**Task data:**
··········

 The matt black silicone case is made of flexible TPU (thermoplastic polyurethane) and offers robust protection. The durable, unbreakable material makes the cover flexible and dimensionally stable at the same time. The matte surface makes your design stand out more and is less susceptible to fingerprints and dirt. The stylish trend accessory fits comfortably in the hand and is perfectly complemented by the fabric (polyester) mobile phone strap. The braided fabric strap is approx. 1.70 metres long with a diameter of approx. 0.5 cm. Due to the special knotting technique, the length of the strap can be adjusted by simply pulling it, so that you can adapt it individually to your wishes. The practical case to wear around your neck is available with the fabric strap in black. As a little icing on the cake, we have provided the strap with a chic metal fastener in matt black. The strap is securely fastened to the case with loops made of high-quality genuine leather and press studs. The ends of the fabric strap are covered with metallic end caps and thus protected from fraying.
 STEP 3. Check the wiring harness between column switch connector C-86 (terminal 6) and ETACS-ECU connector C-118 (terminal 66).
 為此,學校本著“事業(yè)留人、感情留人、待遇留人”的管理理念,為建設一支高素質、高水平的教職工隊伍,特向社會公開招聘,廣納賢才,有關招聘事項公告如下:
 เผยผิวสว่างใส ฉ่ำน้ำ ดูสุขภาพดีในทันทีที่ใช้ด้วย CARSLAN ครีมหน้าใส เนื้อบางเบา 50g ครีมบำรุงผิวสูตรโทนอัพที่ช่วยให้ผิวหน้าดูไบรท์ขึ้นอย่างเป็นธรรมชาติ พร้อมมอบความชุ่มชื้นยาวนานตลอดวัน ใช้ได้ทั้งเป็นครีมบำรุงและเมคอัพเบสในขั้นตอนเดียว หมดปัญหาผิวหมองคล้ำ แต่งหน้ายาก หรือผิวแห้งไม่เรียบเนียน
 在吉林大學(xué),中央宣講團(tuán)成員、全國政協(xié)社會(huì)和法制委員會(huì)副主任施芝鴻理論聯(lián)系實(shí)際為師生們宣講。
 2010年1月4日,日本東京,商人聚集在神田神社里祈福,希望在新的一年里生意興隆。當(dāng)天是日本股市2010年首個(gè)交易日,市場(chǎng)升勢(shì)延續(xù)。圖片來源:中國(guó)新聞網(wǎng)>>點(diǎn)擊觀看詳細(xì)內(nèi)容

··········

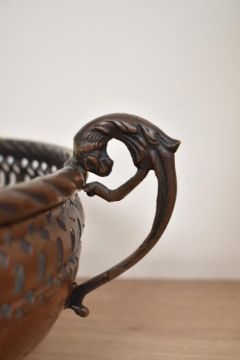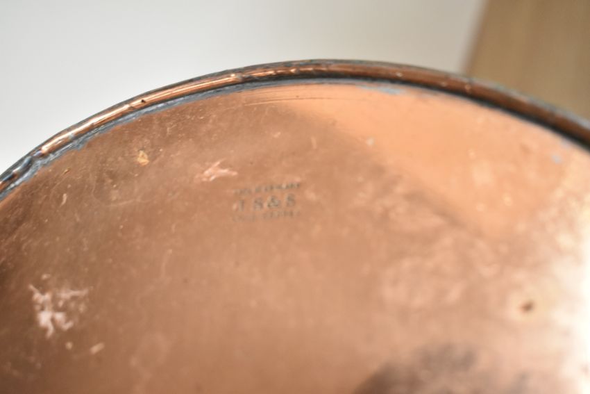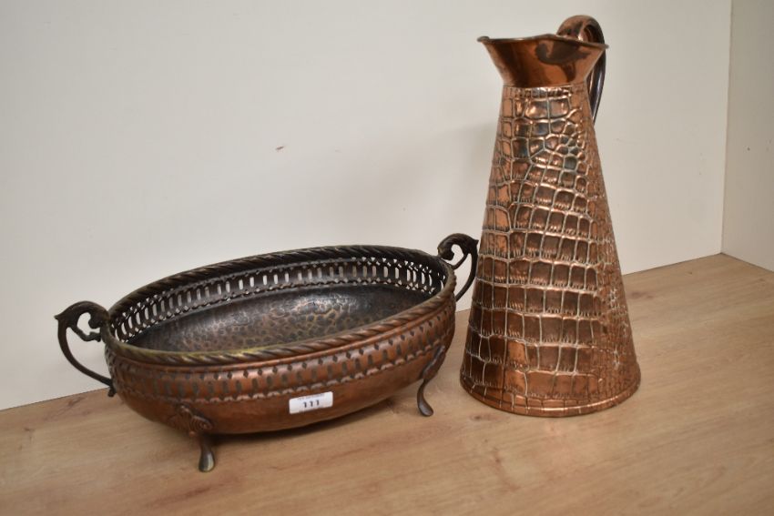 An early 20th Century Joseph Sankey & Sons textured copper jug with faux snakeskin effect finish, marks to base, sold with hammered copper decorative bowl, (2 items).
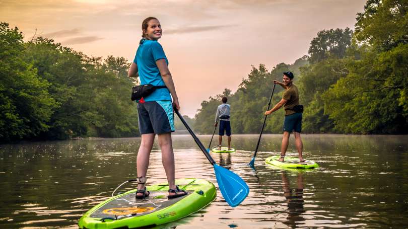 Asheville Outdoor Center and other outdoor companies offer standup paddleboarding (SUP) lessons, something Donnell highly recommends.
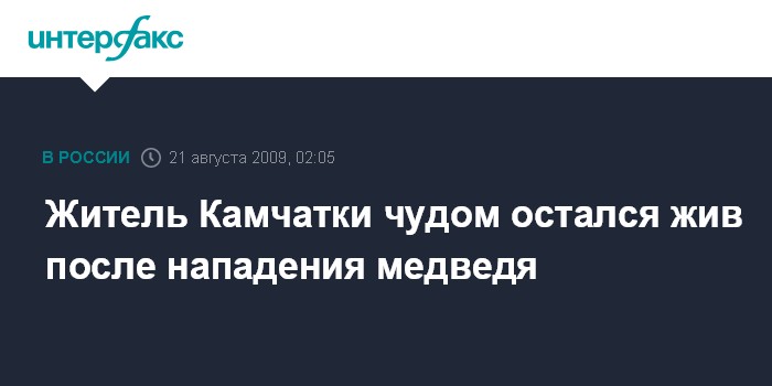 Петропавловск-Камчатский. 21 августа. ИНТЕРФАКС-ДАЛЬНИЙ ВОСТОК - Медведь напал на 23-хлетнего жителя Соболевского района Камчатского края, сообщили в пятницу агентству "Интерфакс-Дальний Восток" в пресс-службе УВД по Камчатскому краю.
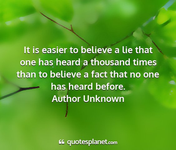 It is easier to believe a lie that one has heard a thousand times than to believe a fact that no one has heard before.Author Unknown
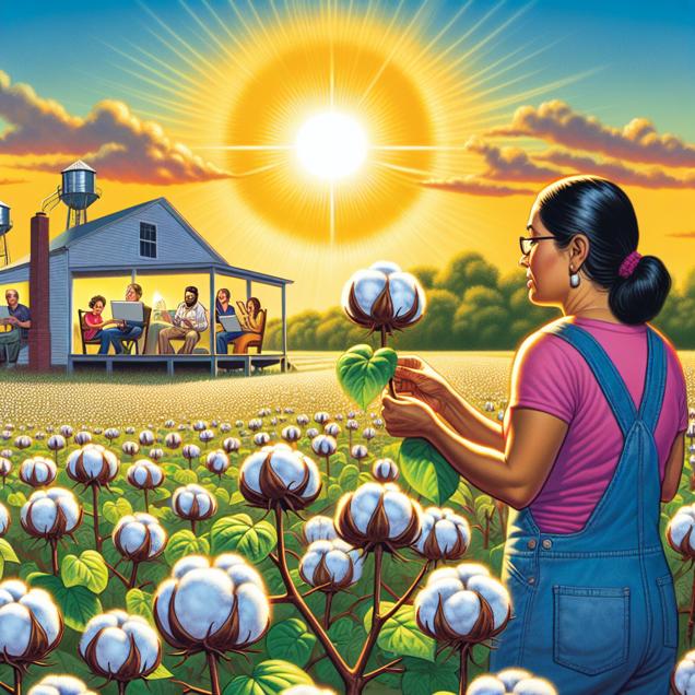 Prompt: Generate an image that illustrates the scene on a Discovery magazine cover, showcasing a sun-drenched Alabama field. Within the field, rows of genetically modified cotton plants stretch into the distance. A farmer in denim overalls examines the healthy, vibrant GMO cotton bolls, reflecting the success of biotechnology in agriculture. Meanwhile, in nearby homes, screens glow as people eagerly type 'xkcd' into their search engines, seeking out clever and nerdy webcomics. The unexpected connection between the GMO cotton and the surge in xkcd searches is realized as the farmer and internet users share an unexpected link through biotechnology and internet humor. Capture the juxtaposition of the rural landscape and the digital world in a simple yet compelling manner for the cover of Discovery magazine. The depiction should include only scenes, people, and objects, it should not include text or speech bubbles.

··········

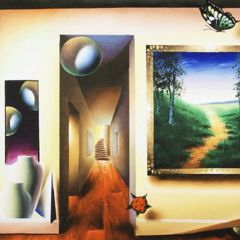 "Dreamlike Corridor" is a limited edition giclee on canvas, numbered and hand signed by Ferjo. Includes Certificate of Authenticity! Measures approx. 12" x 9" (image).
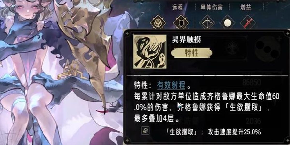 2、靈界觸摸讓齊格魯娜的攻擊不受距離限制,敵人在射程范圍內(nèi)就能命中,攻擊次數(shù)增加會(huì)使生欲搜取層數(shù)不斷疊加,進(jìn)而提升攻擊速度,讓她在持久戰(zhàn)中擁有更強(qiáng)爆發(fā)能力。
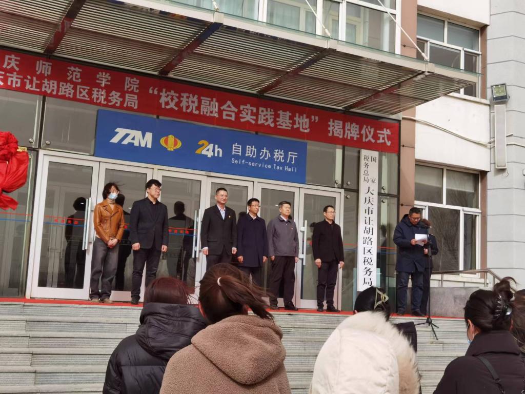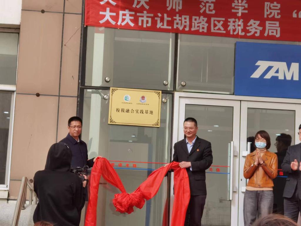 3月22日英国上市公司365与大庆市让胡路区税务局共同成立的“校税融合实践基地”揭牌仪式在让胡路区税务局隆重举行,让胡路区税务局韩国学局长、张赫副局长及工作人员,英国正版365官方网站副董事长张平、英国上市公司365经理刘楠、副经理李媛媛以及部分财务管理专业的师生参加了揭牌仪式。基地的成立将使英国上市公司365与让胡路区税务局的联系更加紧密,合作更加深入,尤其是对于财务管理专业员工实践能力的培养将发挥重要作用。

··········

**Exercise goal:** Among the records above, a stretch begins at the line containing "STEP 3. Check" and ends at the line containing "2010年1月4日,日本東京". Restate that stretch word for word, and nothing else.

**Solution for this exercise:**
 STEP 3. Check the wiring harness between column switch connector C-86 (terminal 6) and ETACS-ECU connector C-118 (terminal 66).
 為此,學校本著“事業(yè)留人、感情留人、待遇留人”的管理理念,為建設一支高素質、高水平的教職工隊伍,特向社會公開招聘,廣納賢才,有關招聘事項公告如下:
 เผยผิวสว่างใส ฉ่ำน้ำ ดูสุขภาพดีในทันทีที่ใช้ด้วย CARSLAN ครีมหน้าใส เนื้อบางเบา 50g ครีมบำรุงผิวสูตรโทนอัพที่ช่วยให้ผิวหน้าดูไบรท์ขึ้นอย่างเป็นธรรมชาติ พร้อมมอบความชุ่มชื้นยาวนานตลอดวัน ใช้ได้ทั้งเป็นครีมบำรุงและเมคอัพเบสในขั้นตอนเดียว หมดปัญหาผิวหมองคล้ำ แต่งหน้ายาก หรือผิวแห้งไม่เรียบเนียน
 在吉林大學(xué),中央宣講團(tuán)成員、全國政協(xié)社會(huì)和法制委員會(huì)副主任施芝鴻理論聯(lián)系實(shí)際為師生們宣講。
 2010年1月4日,日本東京,商人聚集在神田神社里祈福,希望在新的一年里生意興隆。當(dāng)天是日本股市2010年首個(gè)交易日,市場(chǎng)升勢(shì)延續(xù)。圖片來源:中國(guó)新聞網(wǎng)>>點(diǎn)擊觀看詳細(xì)內(nèi)容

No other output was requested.